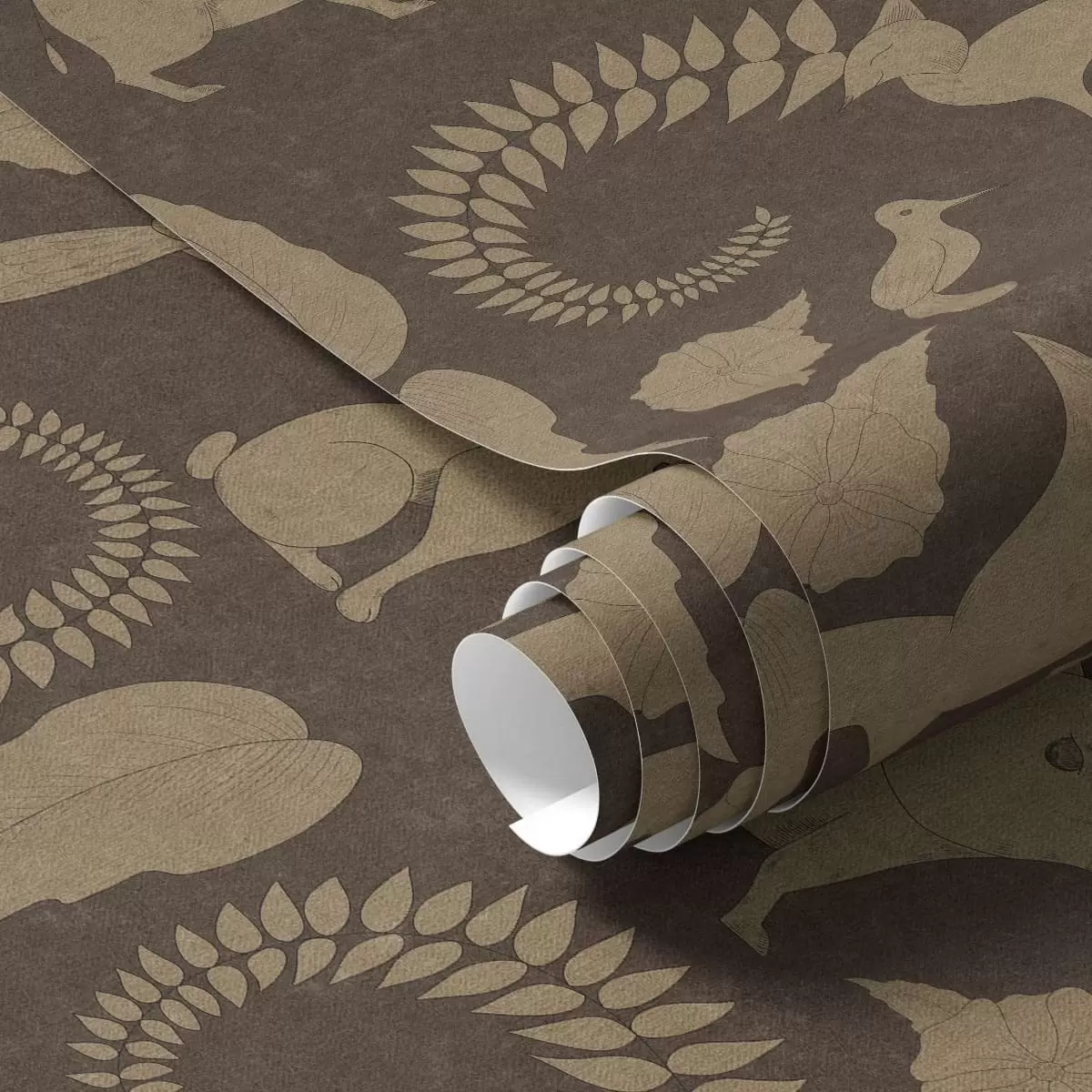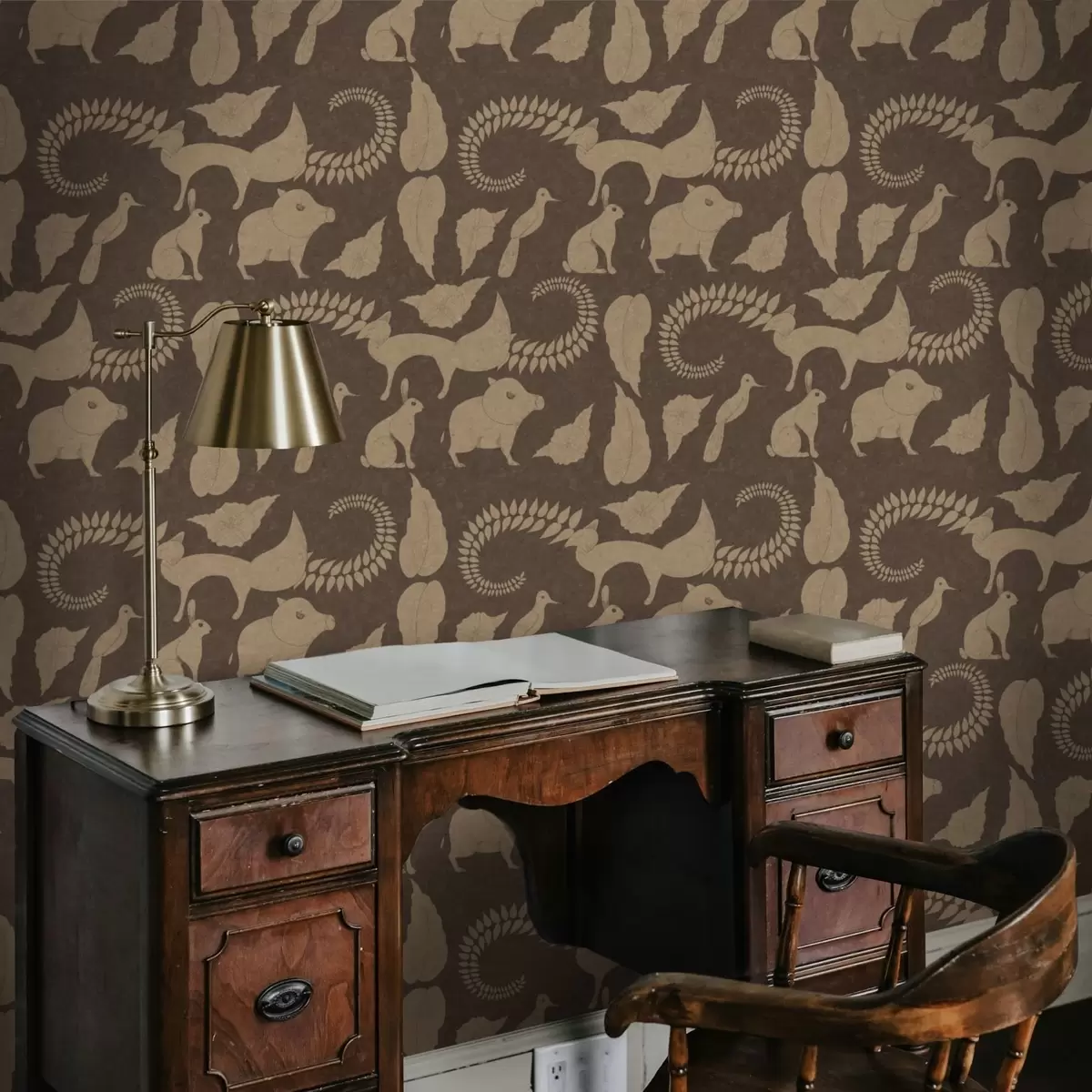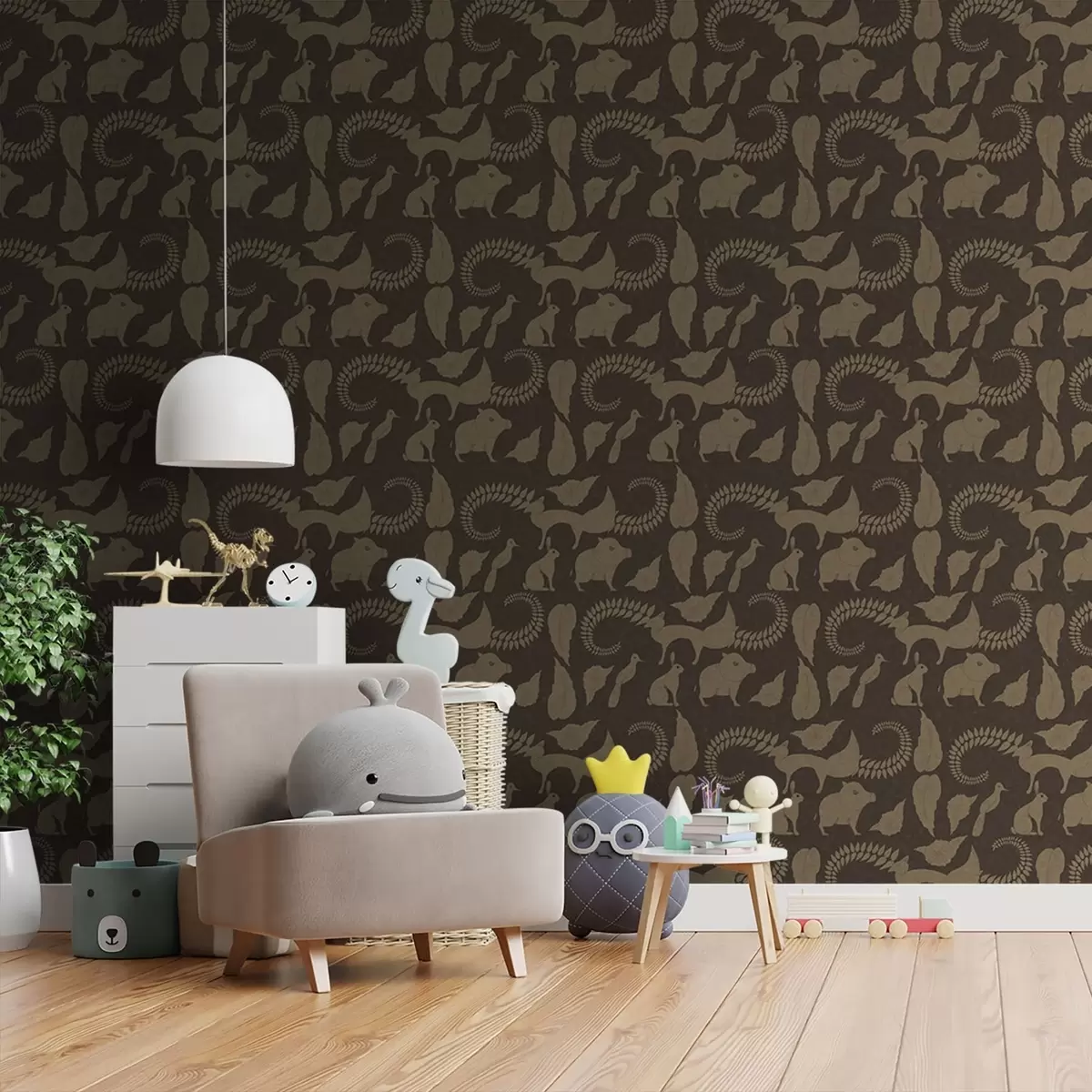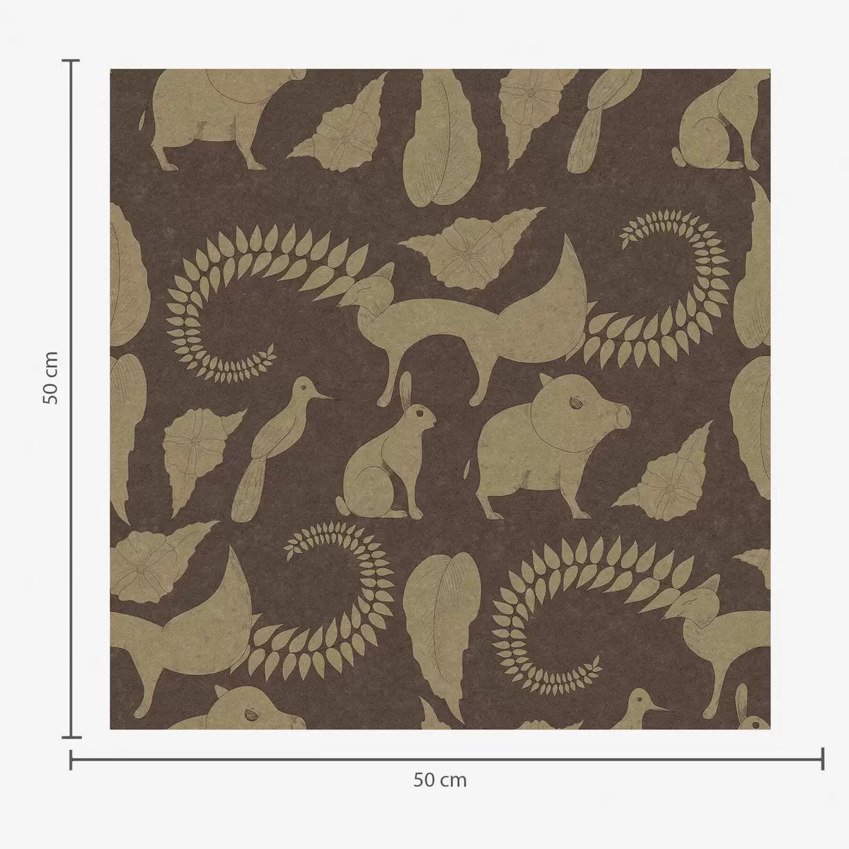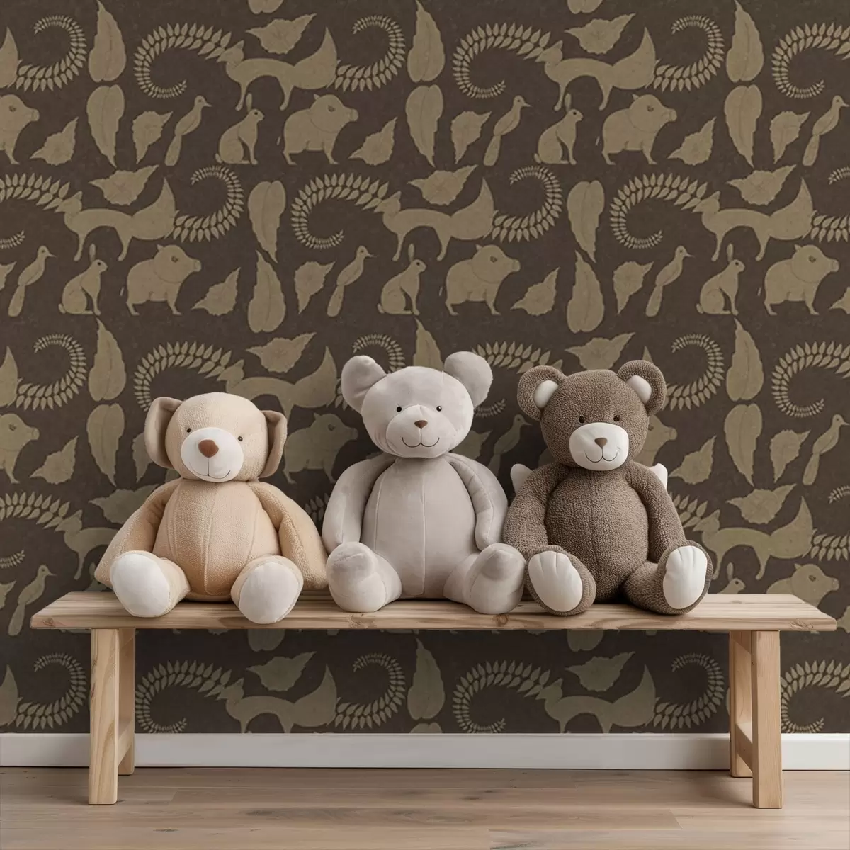 Tapetti Metsäkuvio eläimillä ruskealla taustalla Nr. a01121
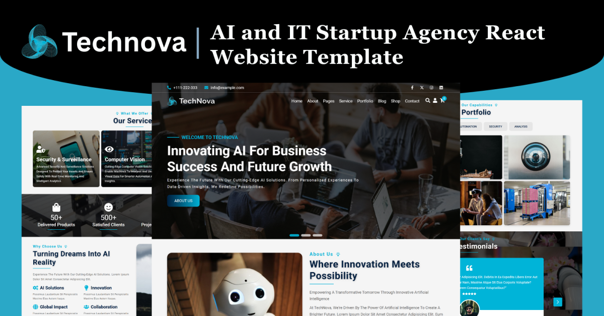TechNova - AI ve BT Girişim Ajansı React Web Sitesi Şablonu
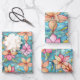 Fun colourful stained glass window flower patterns wrapping paper sheet mix. Beautiful gift wrap, crafting papers.
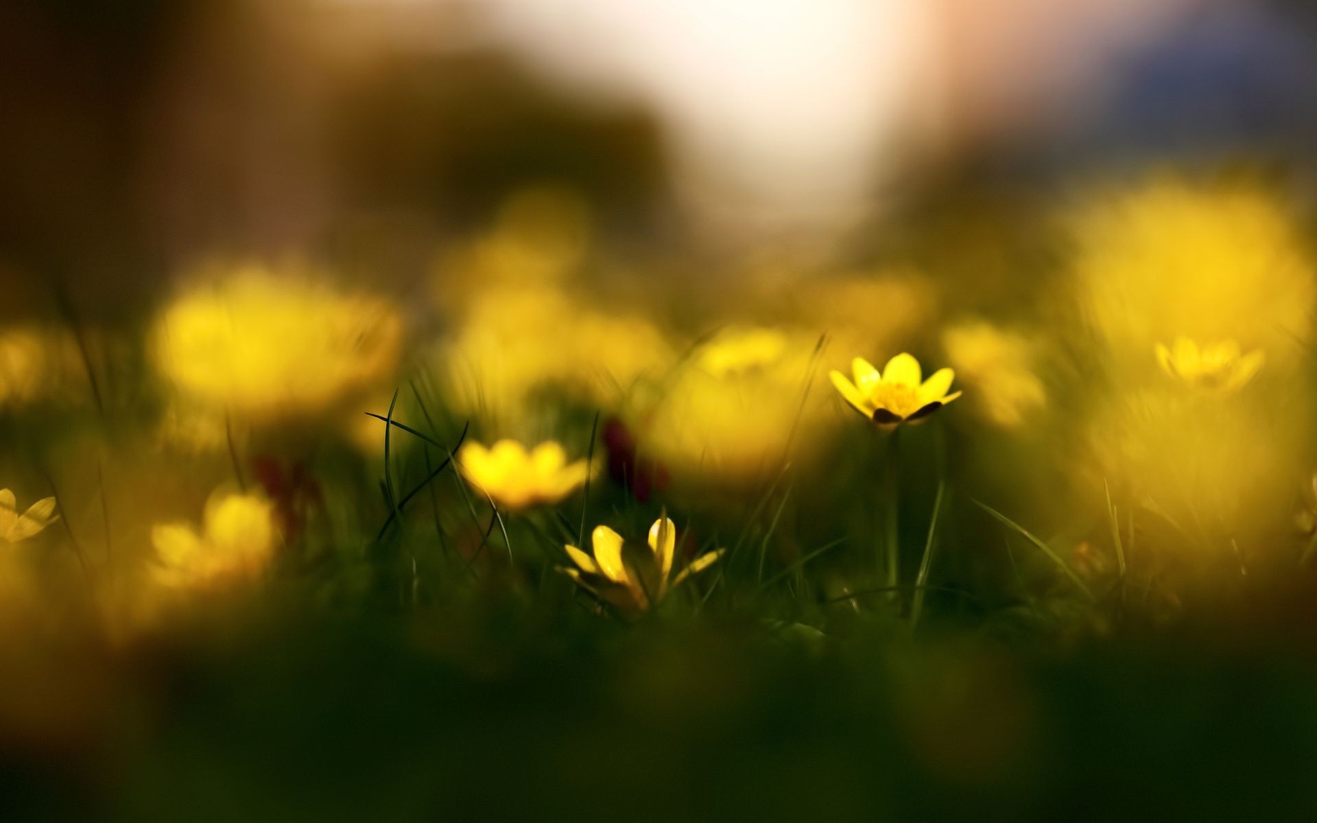 Pole z żółtymi kwiatami w blur

= = = = =

Try it:
Your reply must match the data above line for line, except that it holds no pictures.

Expected answer:
 Tapetti Metsäkuvio eläimillä ruskealla taustalla Nr. a01121
TechNova - AI ve BT Girişim Ajansı React Web Sitesi Şablonu
 Fun colourful stained glass window flower patterns wrapping paper sheet mix. Beautiful gift wrap, crafting papers.
 Pole z żółtymi kwiatami w blur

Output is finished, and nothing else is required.